Some shit you should know before you dig in: If you’re unaware, Syria’s new government under President Ahmad al-Sharaa has been steadily reclaiming territory in the country’s northeast, previously controlled by the Kurdish-led Syrian Democratic Forces (SDF). This shift in power, compounded by violent clashes between Syrian government troops and the SDF, led to serious instability around prisons holding ISIS detainees and ultimately contributed to one mass prison escape on January 20th. Amid increasing US pressure, a ceasefire was brokered to de-escalate the conflict, and a trilateral agreement between the US, Iraq, and Syria was established to relocate the detainees to more secure facilities in Iraq.
What’s going on now: The US has transferred more than 2,250 ISIS detainees from Kurdish-controlled prisons in northeastern Syria to fortified detention facilities in Iraq, as part of a broader operation to relocate up to 7,000 suspected ISIS terrorists. Alongside Iraqi forces and the international coalition, the transfers are being executed by land and air under heavy security, with convoys and aircraft moving detainees across the border. Once in Iraq, prisoners are being housed in detention centers while specialized teams classify them by threat level and begin collecting confessions under direct judicial supervision.

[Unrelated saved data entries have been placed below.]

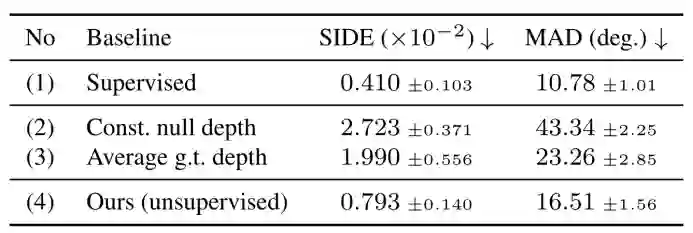 作者的方法在BFM数据集上重建得到的的SIDE误差和MAD误差明显优于baseline并且接近完全监督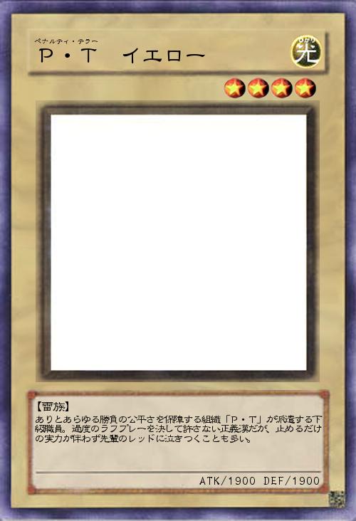 「サッカーのイエローカードより。ステータス合計が高いので攻撃守備を合計する類のカードがあれば充分強い。バニラなのはそっちの方がカード枠が黄色に近いから」(2019-09-21 12:53)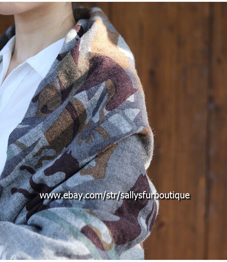 About Cashmere: Cashmere is a luxuriant wool that many a fashion-conscious woman has dreamed of wearing against her skin. Its silken feel, feather-light weight, and appreciable status make it highly desirable. It is the wool or fur of the Kashmir goat. 70% Kashmir goats in the world are raised in Inner Mongolia, China. Be wary of imitation cashmere. Often listings are stated as 100% cashmere, however are imitation cashmere, which does not have the special features of pure cashmere. Item description: Material: Pure cashmere shawl Size: 130cm x 130cm (51" x 51") including trims Weight: 155 gram Grey background with deep grey and brown horses. Soft and delicate, extra warm in the winter. Shipping & Postage: We can dispatch to the following countries: US, UK, Canada, Australia and Most west European countries. If you need to post to other countries, please contact us before bidding. SpeedPAK, 15-20 working days delivery time Postage Free Fedex express, 7-10 working days delivery time Postage $19.99 Return & Refund We will give full refund through Paypal for the items you are unhappy with. Postage is not refundable. The return address is included on the business card inside the parcel. Returned items must be posted within 7 days of receipt.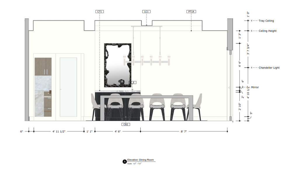 Tasks: interior design, 3D modeling, drafting, cabinetry design, detailing, and construction documentation.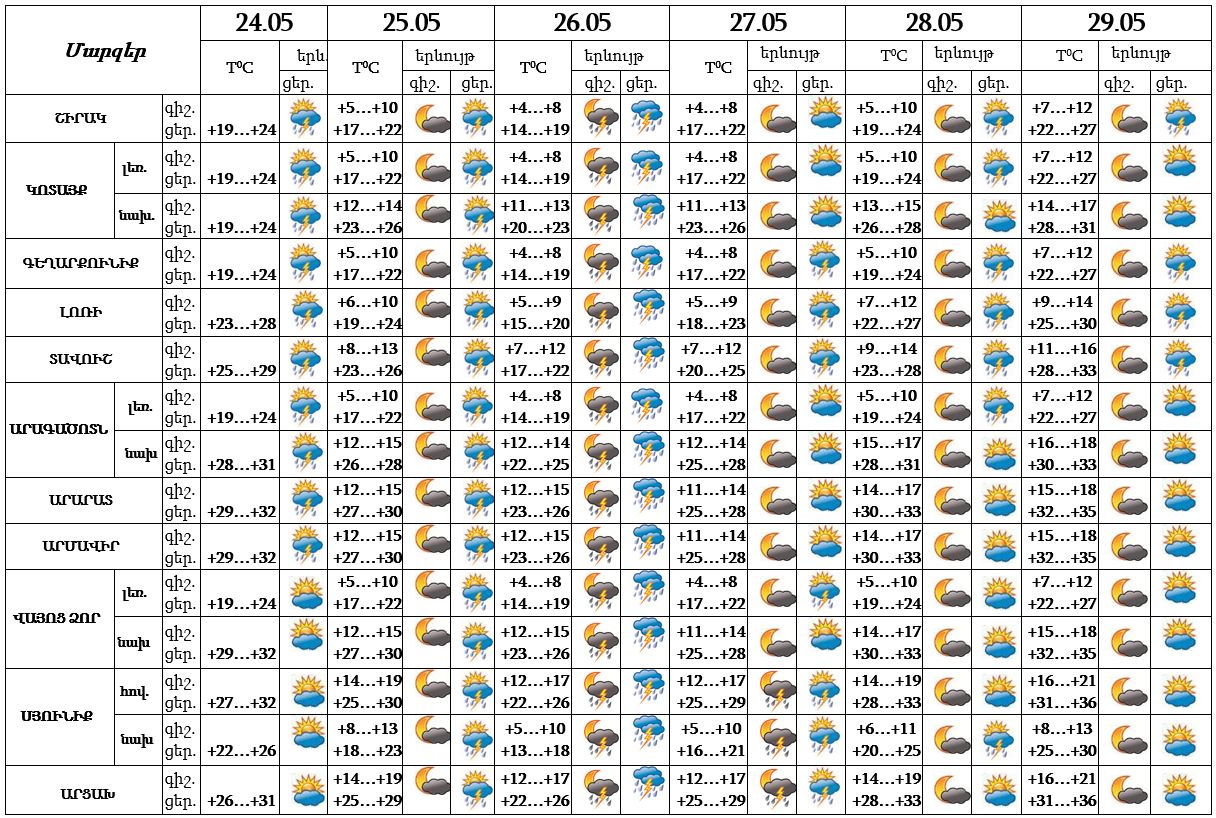 Օդի ջերմաստիճանը մայիսի 24-26-ի ցերեկն աստիճանաբար կնվազի 5-6 աստիճանով, 27-29-ն աստիճանաբար նույնքան կբարձրանա: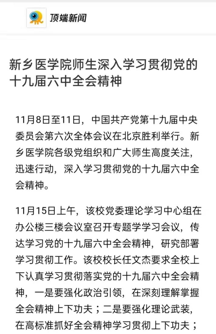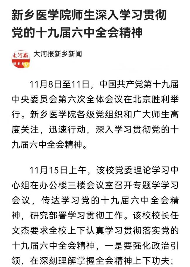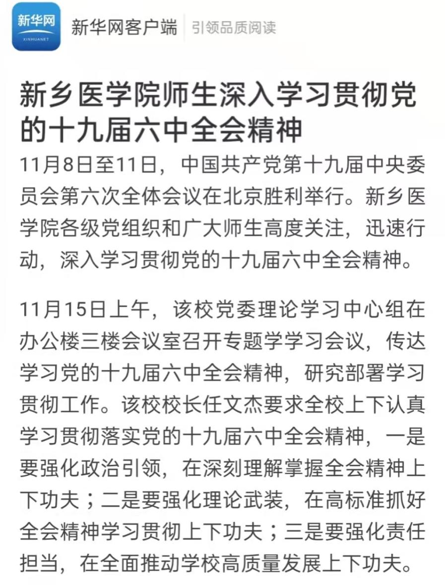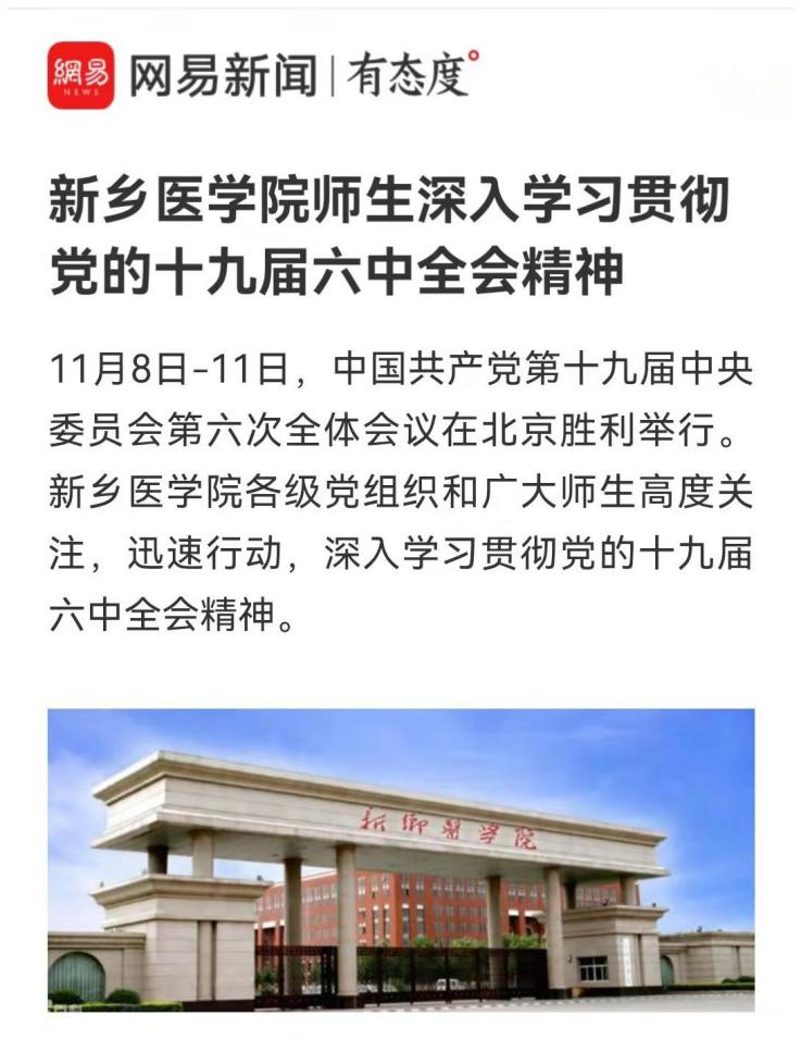 11月8日至11日,中国共产党第十九届中央委员会第六次全体会议在北京胜利举行。我校广大师生通过各类媒体渠道及时了解和关注全会盛况,积极推进学习宣传工作,掀起学习研讨全会精神的热潮。新华网客户端、河南日报客户端、顶端新闻、医药卫生网、大河报新乡新闻、河南商报新乡新闻、网易新闻、今日头条等多家媒体进行报道。《新乡日报》于11月17日第05版头条刊发。(供稿:刘天庆 周子媛)

Legal proceedings are already underway, with Iraq’s judiciary opening investigations into 1,387 of the transferred detainees, assigning their cases to the First Karkh Investigative Court in Baghdad, a court designated for terrorism-related cases. The court has added more judges, prosecutors, and administrative personnel to handle the caseload efficiently. Investigators are also working from a national database cataloging ISIS crimes between 2014 and 2017, including genocide, chemical attacks, and other atrocities against the Yazidi community.

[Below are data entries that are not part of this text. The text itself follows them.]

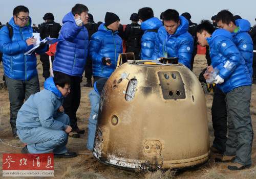 飛行器返回地球使用蘇聯設計的技術,先在大氣層彈起,以降低進入的速度以及避免燃燒。返回器于11月1日淩晨在內蒙古著陸。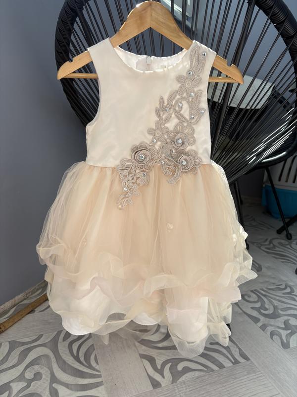 Святкова сукня на дівчинку розмір 110см на 4-5 років, зі шлейфом , юбка фатин пишна, бежевого кольору.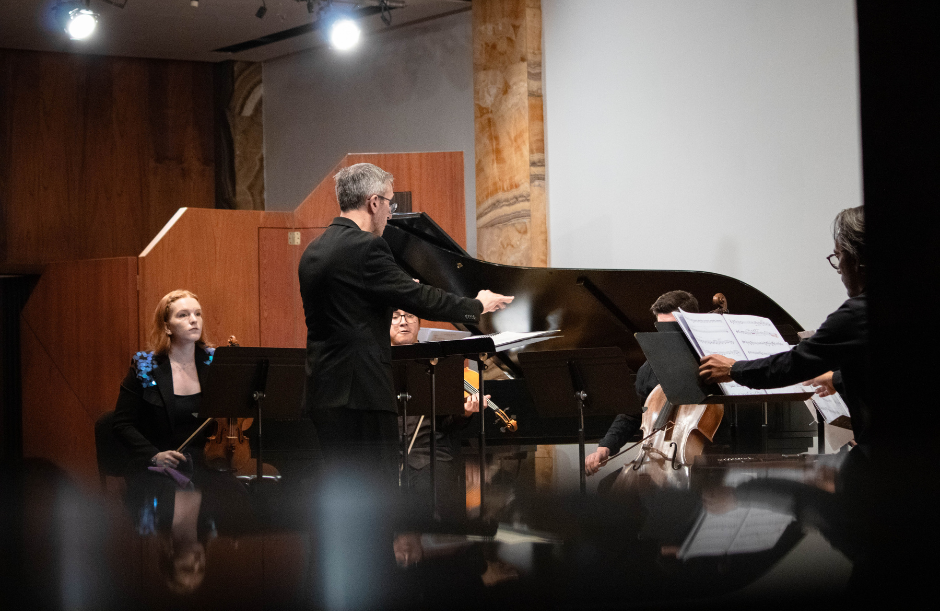 El programa iniciará con To and Fro (2010), de Rebecca Saunders, un diálogo sonoro entre violín y oboe que explora una paleta tímbrica de sonidos frágiles que emergen del silencio con movimientos ascendentes y descendentes, para finalmente desvanecerse en él. La obra fue un encargo de la Ópera Semper de Dresde.

Iraqi officials have vowed that all suspects will be prosecuted under Iraqi law and that repatriation of foreign detainees will only begin after legal proceedings are complete.
Despite this, human rights organizations have raised concerns that Iraq’s justice system may not be equipped to deliver fair trials at this scale, citing past abuses such as torture, lack of legal representation, and rushed court sessions resulting in mass death sentences.
In response, Iraq’s National Center of Justice has rejected the criticisms, stating that torture is a punishable crime under Iraqi law and that the judiciary strictly adheres to constitutional safeguards, including the right to a defense and legal appeals.